DOI:10.1177/2055207619871808
PMID:31467682
原文链接:https://pmc.ncbi.nlm.nih.gov/articles/PMC6704417/
Abstract

BACKGROUND

Artificial intelligence (AI) is increasingly being used in healthcare. Here, AI-based chatbot systems can act as automated conversational agents, capable of promoting health, providing education, and potentially prompting behaviour change. Exploring the motivation to use health chatbots is required to predict uptake; however, few studies to date have explored their acceptability. This research aimed to explore participants' willingness to engage with AI-led health chatbots.

METHODS

The study incorporated semi-structured interviews (N-29) which informed the development of an online survey (N-216) advertised via social media. Interviews were recorded, transcribed verbatim and analysed thematically. A survey of 24 items explored demographic and attitudinal variables, including acceptability and perceived utility.

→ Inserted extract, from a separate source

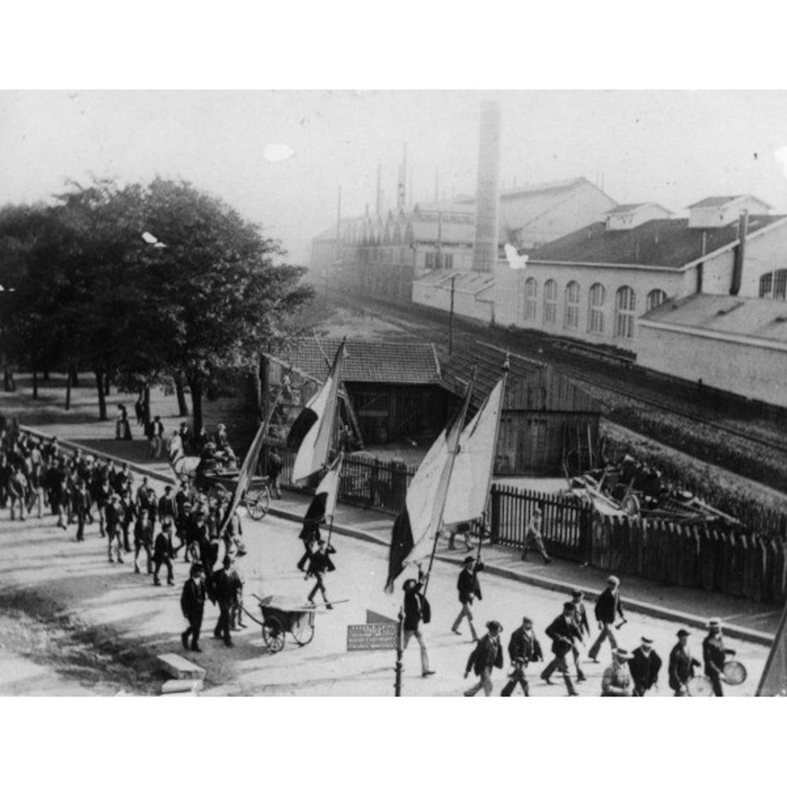 Le Creusot, Grèves de 1899 - 1900 : Défilé des grévistes en Juin 1899. Anonyme, © Écomusée de la Communauté Urbaine Le Creusot Montceau-Les-Mines.

The quantitative data were analysed using binary regressions with a single categorical predictor.

RESULTS

Three broad themes: 'Understanding of chatbots', 'AI hesitancy' and 'Motivations for health chatbots' were identified, outlining concerns about accuracy, cyber-security, and the inability of AI-led services to empathise. The survey showed moderate acceptability (67%), correlated negatively with perceived poorer IT skills OR = 0.32 [CI:0.13-0.78] and dislike for talking to computers OR = 0.77 [CI:0.60-0.99] as well as positively correlated with perceived utility OR = 5.10 [CI:3.08-8.43], positive attitude OR = 2.71 [CI:1.77-4.16] and perceived trustworthiness OR = 1.92 [CI:1.13-3.25].

CONCLUSION

Most internet users would be receptive to using health chatbots, although hesitancy regarding this technology is likely to compromise engagement. Intervention designers focusing on AI-led health chatbots need to employ user-centred and theory-based approaches addressing patients' concerns and optimising user experience in order to achieve the best uptake and utilisation. Patients' perspectives, motivation and capabilities need to be taken into account when developing and assessing the effectiveness of health chatbots.

摘要

背景

人工智能(AI)在医疗保健领域的应用日益广泛。在此,基于人工智能的聊天机器人系统可充当自动化对话代理,能够促进健康、提供教育并可能促使行为改变。为预测其应用情况,有必要探究使用健康聊天机器人的动机;然而,迄今为止,很少有研究探讨其可接受性。本研究旨在探究参与者与人工智能主导的健康聊天机器人互动的意愿。

方法

该研究纳入了半结构化访谈(N = 29),这些访谈为通过社交媒体进行宣传的在线调查(N = 216)的开展提供了信息。访谈进行了录音,逐字转录并进行了主题分析。一项包含24个项目的调查探讨了人口统计学和态度变量,包括可接受性和感知效用。使用具有单个分类预测变量的二元回归分析定量数据。

结果

确定了三个广泛的主题:“对聊天机器人的理解”、“对人工智能的犹豫”和“使用健康聊天机器人的动机”,概述了对准确性、网络安全以及人工智能主导服务缺乏同理心的担忧。调查显示出中等程度的可接受性(67%),与较差的信息技术技能感知呈负相关(OR = 0.32 [CI:0.13 - 0.78])以及与不喜欢与计算机交谈呈负相关(OR = 0.77 [CI:0.60 - 0.99]),同时与感知效用呈正相关(OR = 5.10 [CI:3.08 - 8.4]))、积极态度呈正相关(OR = 2.71 [CI:1.77 - 4.16])以及与感知可信度呈正相关(OR = 1.92 [CI:1.13 - 3.25])。

结论

大多数互联网用户愿意使用健康聊天机器人,尽管对这项技术的犹豫可能会影响参与度。专注于人工智能主导的健康聊天机器人的干预设计者需要采用以用户为中心且基于理论的方法,解决患者的担忧并优化用户体验,以实现最佳的应用和利用效果。在开发和评估健康聊天机器人的有效性时,需要考虑患者的观点、动机和能力。